Das Warten auf Godot hat endlich ein Ende. Nach neun Jahren und drei quantitativen Lockerungsprogrammen (QE 1, 2 und 3) hat die Fed in diesem Monat begonnen, ihre Bilanz zu reduzieren. Während die EZB sich erst noch auf die Drosselung vorbereitet, hat in den USA bereits die Ära des Bilanzabbaus und der geldpolitischen Normalisierung begonnen. Die USA sind nicht nur stark, sondern haben immer einen Vorsprung...
... und ihre Maßnahmen hier sind überhaupt nicht verrückt! Sie achten darauf, die Märkte nicht zu beunruhigen, die von der extrem lockeren Geldpolitik sehr profitiert haben. Sollten Sie wie Janet Yellen und die Mehrheit der Notenbanker aufgrund des „mysteriösen“ Verschwindens der Inflation der Waren- und Dienstleistungspreise konsterniert sein, so werden Sie zumindest zustimmen, dass die Geldpolitik die erwartete Wirkung auf die Inflation der Preise für Finanz- und Immobilienanlagen erzielt hat. Die Fed wird daher langsam vorgehen: Sie wird ganz einfach einige Kupons und Anleihen, die ablaufen, nicht mehr reinvestieren. Darüber hinaus wird sie anfänglich den automatischen, aber stark kontrollierten Abbau auf USD 10 Mrd. pro Monat begrenzen und anschließend allmählich auf USD 50 Mrd. anheben. Ich erspare Ihnen die Rechnerei: weniger als USD 300 Mrd. im Jahr 2018 und nicht mehr als USD 600 Mrd. im folgenden Jahr. Mit Yellens Worten ausgedrückt, wird der Abbau der Bilanz so spannend sein „wie Farbe beim Trocknen zuzuschauen“.
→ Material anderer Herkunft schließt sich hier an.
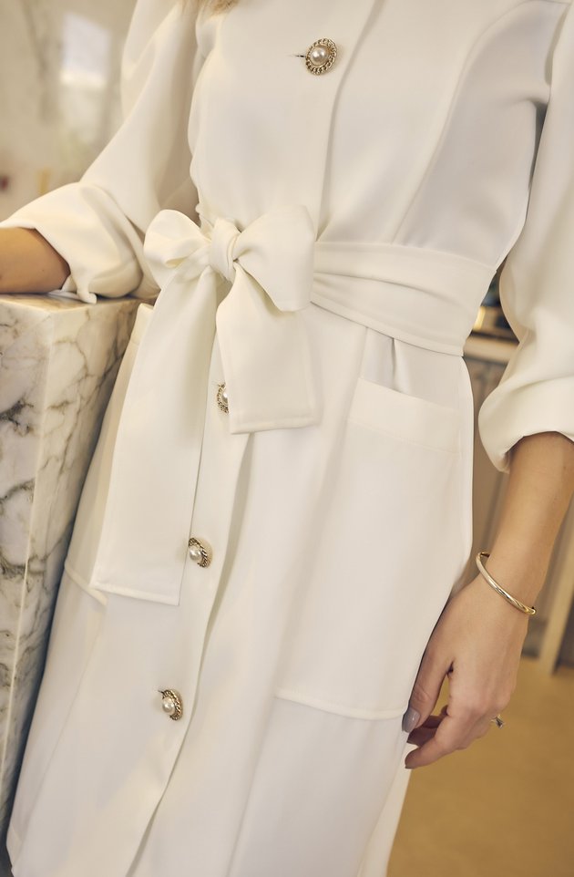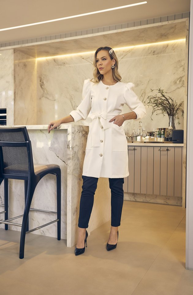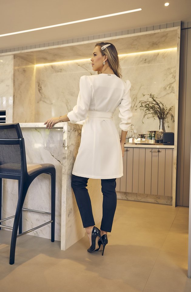 Com design elegante e presença marcante, o Blazer Alongado LECLOÁ é confeccionado em alfaiataria premium, com modelagem levemente acinturada e comprimento estendido. As mangas longas com ombreiras internas reforçam a postura e a imponência da peça, enquanto os bolsos frontais garantem funcionalidade. O fechamento é feito com botões diferenciados dourados com pérolas, que adicionam um toque de brilho sutil e refinado. Acompanha faixa para amarração, permitindo ajuste personalizado com charme.
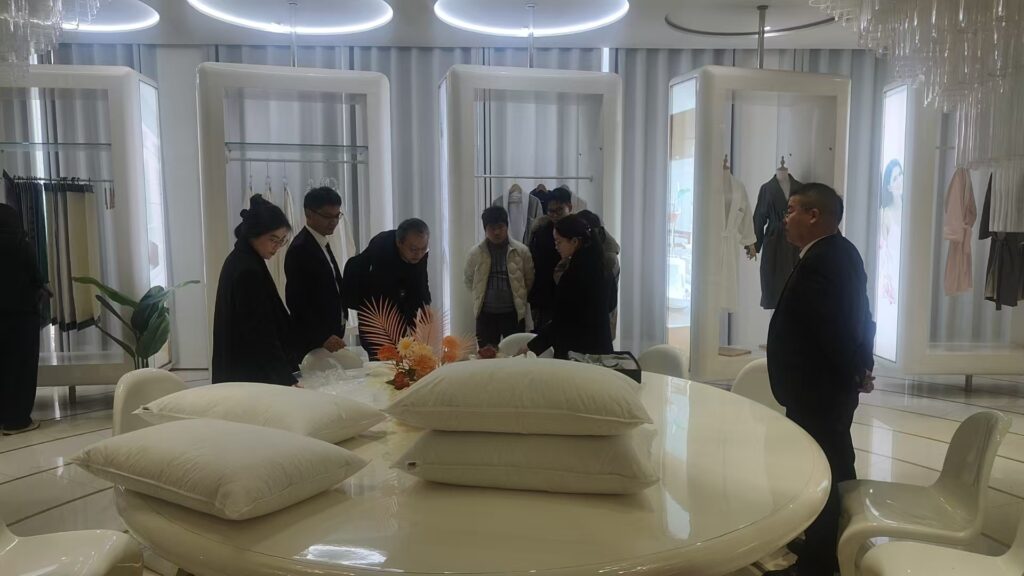 在会议室,瑞棉的相关负责人通过PPT演示和详细讲解,向来访团队介绍了公司的发展历程、技术研发实力以及未来的发展规划。瑞棉拥有专业的设计研发团队,6名设计师不断推陈出新,紧跟市场潮流和客户需求,开发出多款独具特色的酒店布草产品。公司具备完善的质量管控体系,10余名专业质检人员从每道工序到每件产品都严格把关,生产过程严格执行国家质检标准,确保产品的良品率高达99%。
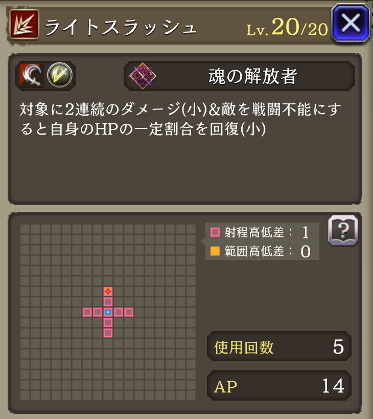 ソードナイトの心得  | 斬撃攻撃耐性+12、距離3~6マス遠くなる程魔法被ダメージ軽減(最大)  |
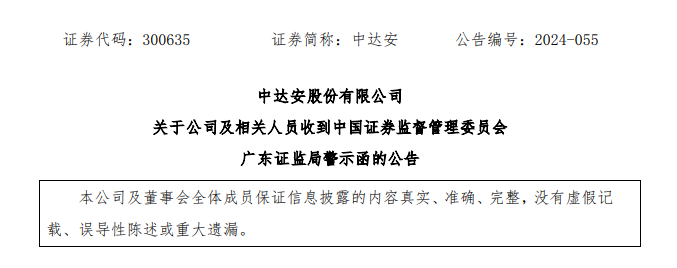 此外,中达安曾在2024年8月16日公告,公司及相关人员收到中国证券监督管理委员会广东证监局警示函。内容显示,广东证监局现场检查发现,该公司存在财务核算不准确、公司信息披露不准确的问题。同年8月30日,中达安发布警示函所涉问题的整改报告,中达安表示,经过全面梳理与自查,公司深刻认识到了在财务核算、信息披露等方面存在的问题与不足,后续将不断完善公司治理和内部控制体系,强化监督执行等。
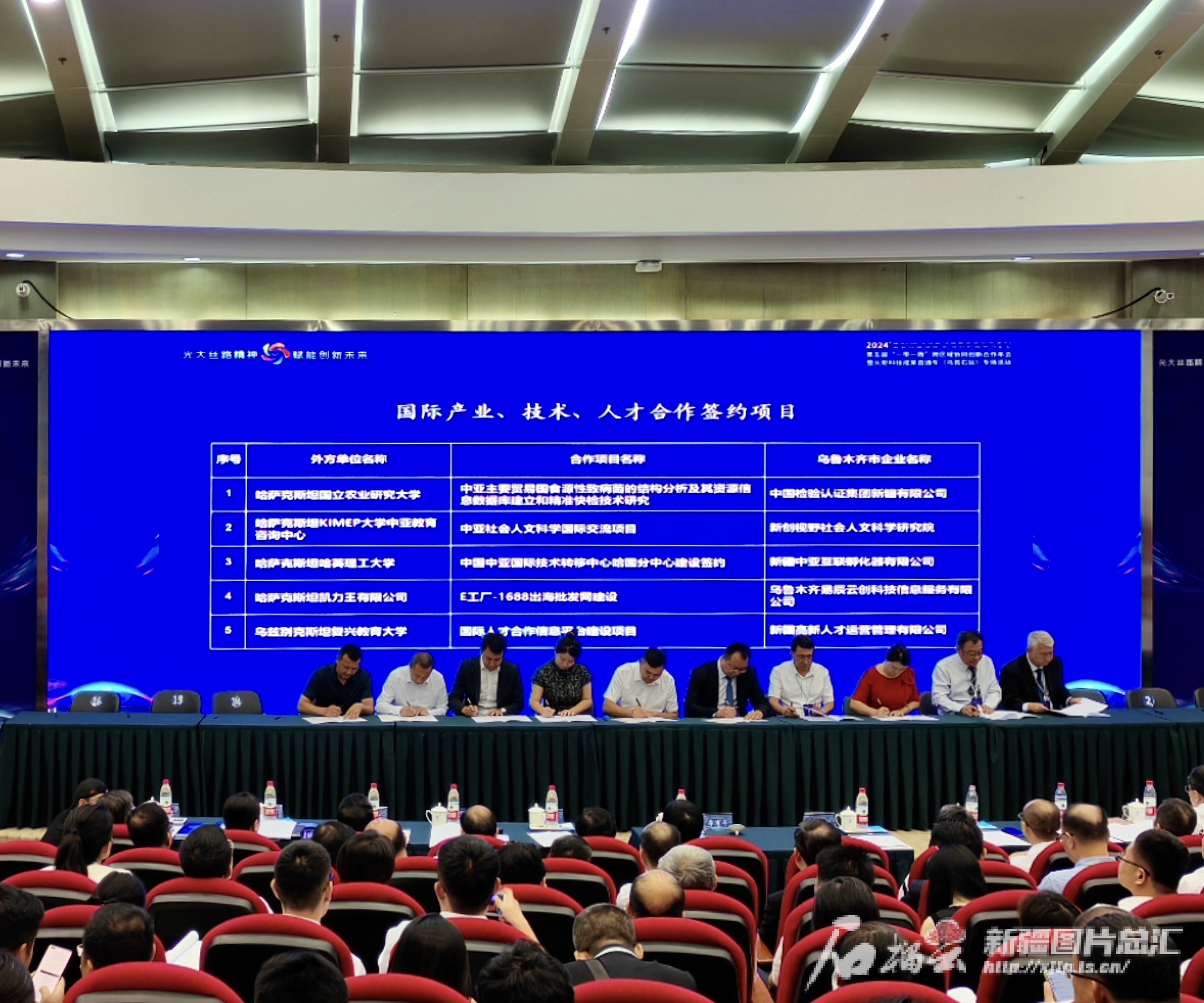 年会现场,乌鲁木齐市域内企业、高校、科研机构与中亚国家及国内28个合作城市科技创新机构、联盟、企业之间签订了产业、技术、人才等方面的合作协议71项,签约金额共计6.7亿元。
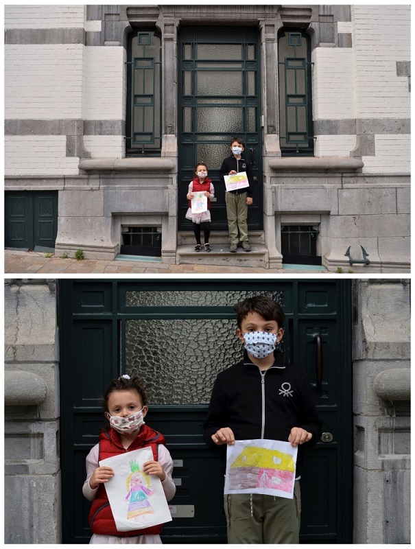 Marie Lou Belenyesi, 4, and Paolo Belenyesi, 9, pose for a photograph while holding pictures that they drew during the coronavirus disease (COVID-19) outbreak, as they stand by the entrance to their home in Brussels, Belgium, April 19, 2020. Reuters/Johanna Geron
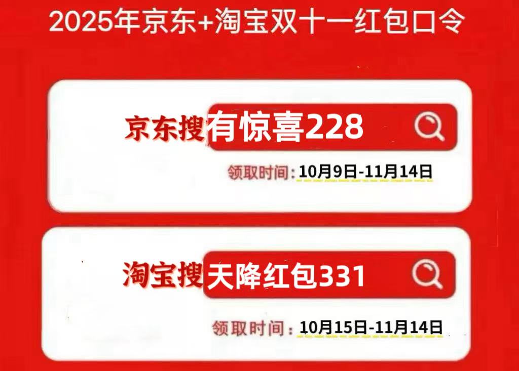 2025 年京东双十一红包口令是省钱的第一步,结合官方直降、跨店满减和国补,能让优惠力度最大化。建议大家从 10 月 9 日起,每天固定时间搜索 “有惊喜228” 或“红包到手335”领取红包,同时关注 10 月 31 日、11 月 10 日的红包雨节点,提前加购心仪商品,轻松享受 37 天的购物狂欢福利!
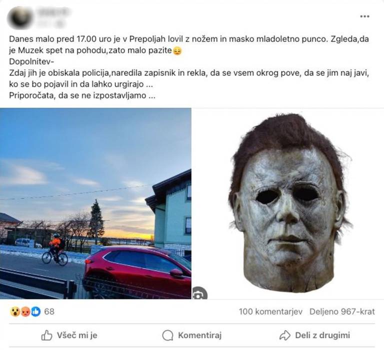 Tudi v Facebook skupini Starše – Za boljši jutri opozarjajo pred moškim v maski, ki naj bi lovil mladoletno punco. Avtorica objave je zapisala, da je o dogodku obveščena tudi policija, ki je naredila zapisnik.
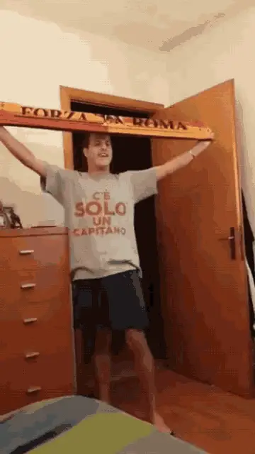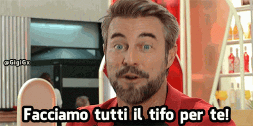 Flavio Montrucchio, wearing a red shirt, says "We're all rooting for you!" and winks, offering encouragement.
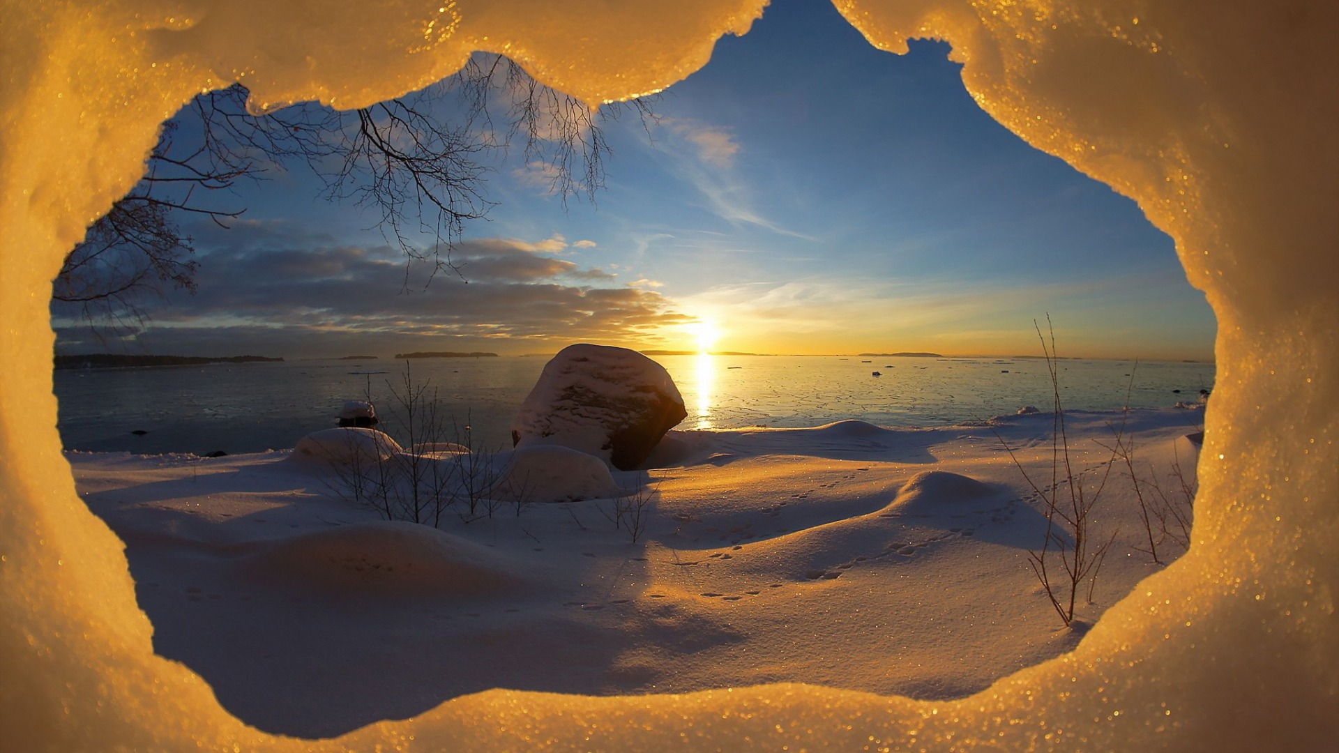 冬天山间雪景树林阳光天空 美丽免费电脑风景壁纸下载

Doch die Märkte und die Anleger – auch wir – sind nervös. Deshalb betrachten wir die langfristigen US-Zinsen (falls sie zu schnell steigen) und den Kreditmarkt (falls die Liquidität austrocknet) mit gewisser Sorge. Es fühlt sich ein wenig so an wie das leicht unangenehme Gefühl beim Abheben eines Flugzeugs, wenn kurz der Gedanke an einen möglichen zwar unwahrscheinlichen, aber potenziell katastrophalen Unfall kurz aufkommt. Versuchen wir es mit ein wenig positiver Autosuggestion, damit wir nicht in unbegründete Panik verfallen. Die Fed und die USA stehen zwar im Mittelpunkt der Finanzwelt und der Weltwirtschaft, doch andere große Notenbanken wie die EZB und die BoJ werden weiterhin aufgeblähte Bilanzen haben. Die Nettobilanzsumme der bedeutenden Notenbanken wird daher im nächsten Jahr weiter ansteigen. Hinzu kommt, dass die Zinssätze in den meisten dieser Länder immer noch nahe null sind und die langfristigen US-Zinsen allein kaum zum Höhenflug ansetzen dürften. Schließlich ist die Reaktion des Marktes auf den Bilanzabbau der Fed – oder ihre geldpolitische Straffung durch Zinsanhebungen, wobei die nächste wohl schon im Dezember anstehen könnte – auch von dem Wirtschaftsumfeld abhängig, in dem er erfolgt. Ich kann mir nicht vorstellen, dass es nur wegen der geldpolitischen Straffung zu einem Ausverkauf von US-Treasuries kommt, wenn das nominale Wachstum plötzlich einbrechen würde.
Wirtschaftliche Expansion und Haussemarktphasen haben noch nie aus Altersschwäche ein Ende gefunden, deshalb ist es noch immer (viel?) zu früh, um sich Sorgen zu machen. Und ich sage dies nicht nur, um meine eigenen Nerven zu beruhigen!